Each decision tree within a random forest is trained on a random sample of the original data using a random subset of features. At every branching point, the feature that minimizes the entropy (maximizes information gain) of the resulting nodes is selected (13). In essence, the decision tree attempts to separate the data into groups that have the least heterogeneity of outcomes (Fig 1 shows an example). The branching continues until all of the features have been used or all of the tree’s terminal nodes have reached maximum internal concordance. During model evaluation, outputs across all of the decision trees are averaged to calculate a final probability of the outcome; the threshold probability can then be set to generate a prediction.
Model Evaluation
The trained TTB, TIPS, and UAE models were used to generate predictions on the testing data for iatrogenic pneumothorax, mortality, and extended LOS, respectively. Predictions from the models were then compared against the reference outcomes. Receiver operating characteristic (ROC) curves and probability histograms were plotted for each of the models. Performance was evaluated using area under the receiver operating characteristic curve (AUROC) and maximum F1 score. The following standard guidelines for AUROC interpretation were used: < 0.70, poor; 0.70–0.80, acceptable; 0.80–0.90, excellent; > 0.90, outstanding (14). The associated threshold and specificity for a 90% fixed sensitivity were determined. Additionally, precision and recall corresponding to the maximum F1 score were calculated. Training and evaluation speeds were recorded for each model.
Software
Data preprocessing and analysis were conducted using Version 0.6.2 of the Julia programming language (15). Resampling, model development, and plotting were implemented using (PredictMD), an open-source machine learning toolkit, designed by the authors to provide a uniform interface for developing and testing clinical prediction tools ("BenchmarkTools.jl"). Runtimes were assessed using the BenchmarkTools.jl package (16). All computations were performed on a consumer-grade laptop computer (2 GHz Intel Core i5, 8 GB DDR3 RAM, 256 GB SSD; Intel Corp, Santa Clara, California).
RESULTS
The final hyperparameters for each random forest model are shown in Table 2. The number of trees was 1,000 for all models. SMOTE oversampling percentage was hand-tuned to generate sufficient data to train the models. For each forest, the number of features per tree was set to integer value closest to the square root of the total number of features.
Table 2.
TTB | TIPS | UAE | |
---|---|---|---|
SMOTE oversampling percentage | 300% | 1,000% | 800% |
Total number of features in random forest | 95 | 81 | 58 |
Total number of trees in random forest | 1,000 | 1,000 | 1,000 |
Number of features per individual tree | 10 | 9 | 8 |
Note–Hyperparameters for each of the 3 random forest models. Hyperparameters describe the process used for constructing the random forest models. The SMOTE oversampling percentage describes how many synthetic data points were created from the original dataset. For example, a SMOTE oversampling percentage of 300% (respectively, 1,000% and 800%) means that for each patient in the original dataset who had the outcome of interest, 3 (respectively, 10 and 8) synthetic data points were created. Each random forest consisted of 1,000 trees. Each individual tree was trained on a subset of features (selected randomly) and a subset of patients (70% of the total patients, selected randomly). There was no maximum node depth (ie, there was no limit to the size of any individual tree).

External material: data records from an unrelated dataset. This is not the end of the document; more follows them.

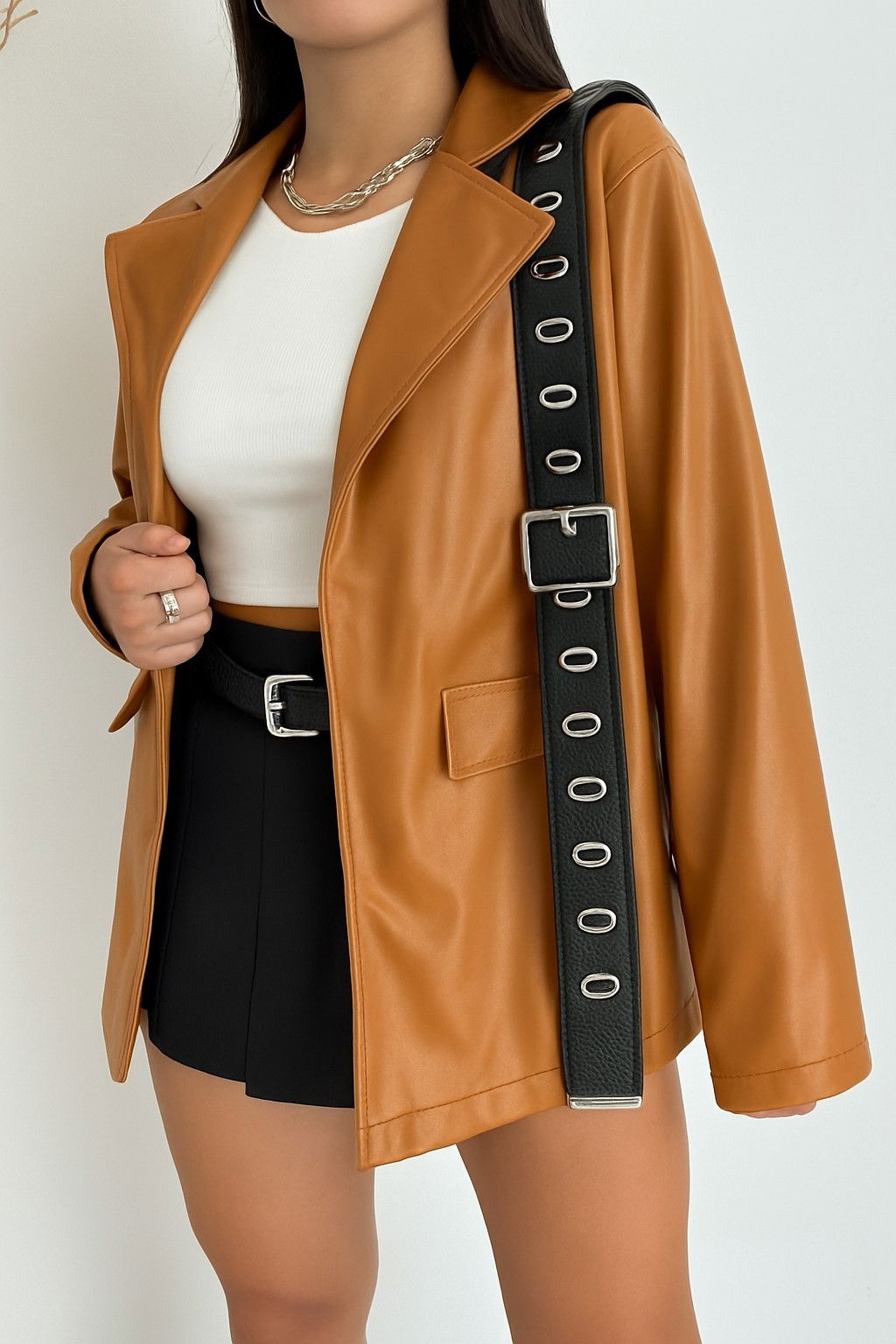 Nuestro blazer de ecocuero combina el diseño sastrero clásico con el toque moderno del acabado leather.
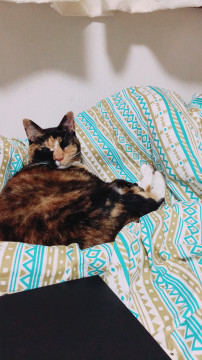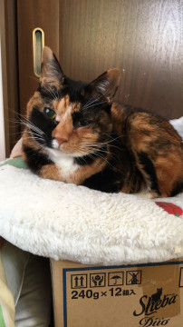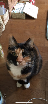 小柄で太っている。毛並みは背中は黒が多めのサビ色で顎の下から白色の三毛猫です。四つ脚にソックスを履いています。尻尾は短く丸まってます。首輪はしていません。おばあちゃんなので、動きがあまり俊敏ではありません。手術をしていて、奥歯がありません。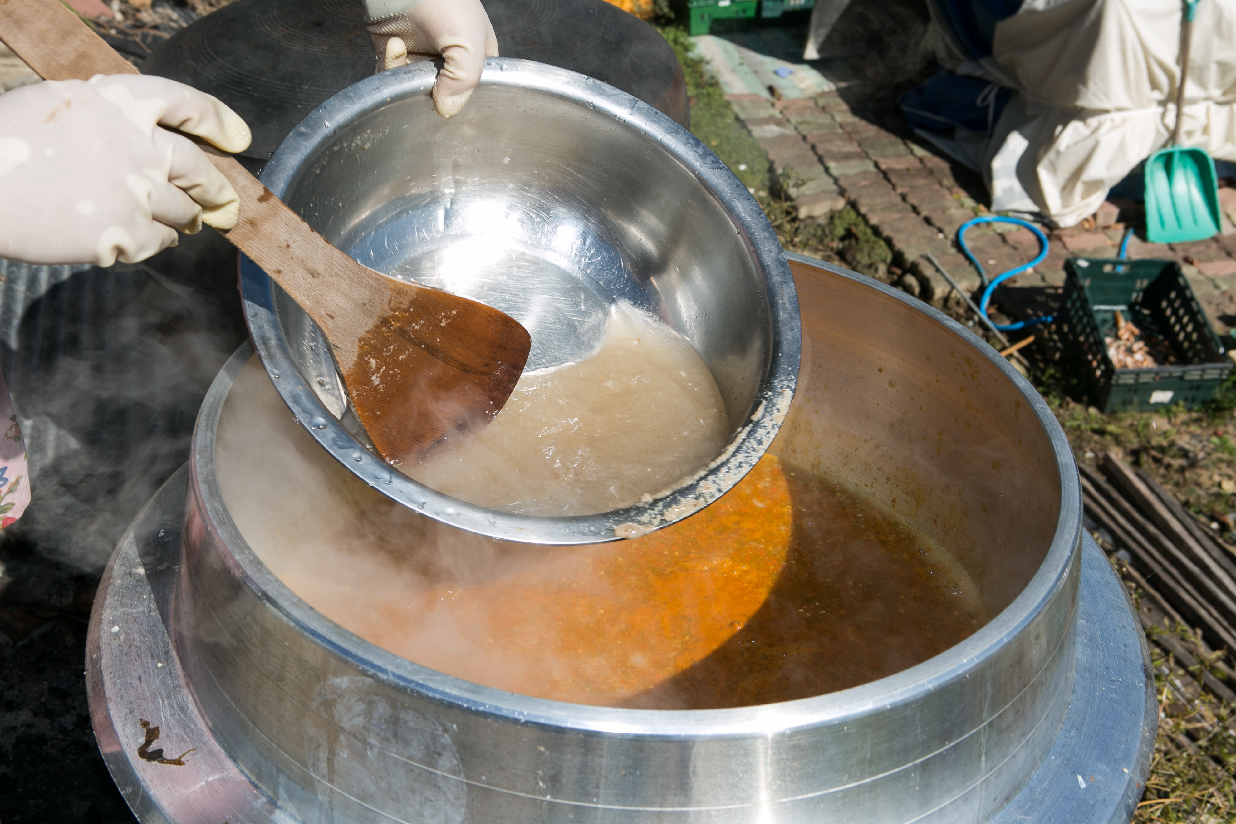 고추죽 조리 과정-갈아 놓은 표고버섯 넣기

SMOTE = Synthetic Minority Oversampling Technique; TIPS = transjugular intrahepatic portosystemic shunt; TTB transthoracic biopsy; UAE = uterine artery embolization.
The performance of the models on the testing set is shown in Table 3. AUROC was 0.913 for the TTB model, 0.788 for the TIPS model, and 0.879 for the UAE model. Maximum F1 score was 0.532 for the TTB model, 0.357 for the TIPS model, and 0.700 for the UAE model. The TTB model had the highest AUROC, while the UAE model had the highest F1 score. Based on the established guidelines for AUROC interpretation, the TTB model was “outstanding,” the TIPS model was “acceptable,” and the UAE model was “excellent” (14). Model training and evaluation speeds are presented in Table 4. Additional features per tree was related to longer training times and slower evaluation speeds.
Table 3.
TTB | TIPS | UAE | |
---|---|---|---|
AUROC | 0.913 | 0.788 | 0.879 |
Maximum F1 score | 0.532 | 0.376 | 0.700 |
Precision (at maximum F1 score) | 0.426 | 0.279 | 0.563 |
Recall (at maximum F1 score) | 0.709 | 0.576 | 0.915 |
Sensitivity | 90.0% | 90.0% | 90.0% |
Specificity (at sensitivity of 90%) | 82.4% | 45.3% | 68.0% |
Threshold (at sensitivity of 90%) | 0.209 | 0.103 | 0.195 |
Note–Performance metrics for each of the random forest models when evaluated on the testing set. AUROC is a good overall summary of each model’s performance. The maximum F1 score is useful for evaluating the performance of each model on imbalanced data (ie, when there are far more patients without the outcome of interest than with the outcome of interest). The F1 score is defined as the harmonic mean of precision (positive predictive value) and recall (sensitivity). Precision and recall values corresponding to the maximum F1 score have also been provided. Threshold refers to the classifier value that fixed sensitivity at 90%. The corresponding specificity was computed and is reported.
AUROC = area under the receiver operating characteristic curve; TIPS = transjugular intrahepatic portosystemic shunt; TTB = transthoracic biopsy; UAE = uterine artery embolization.
Table 4.
TTB | TIPS | UAE | |
---|---|---|---|
Time to train random forest, s | 8.667 | 5.435 | 3.340 |
Time to run random forest | 0.0126 | 0.0124 | 0.0077 |
Note–Time required to train the random forests and to evaluate them on a new patient. Smaller values correspond to faster speeds.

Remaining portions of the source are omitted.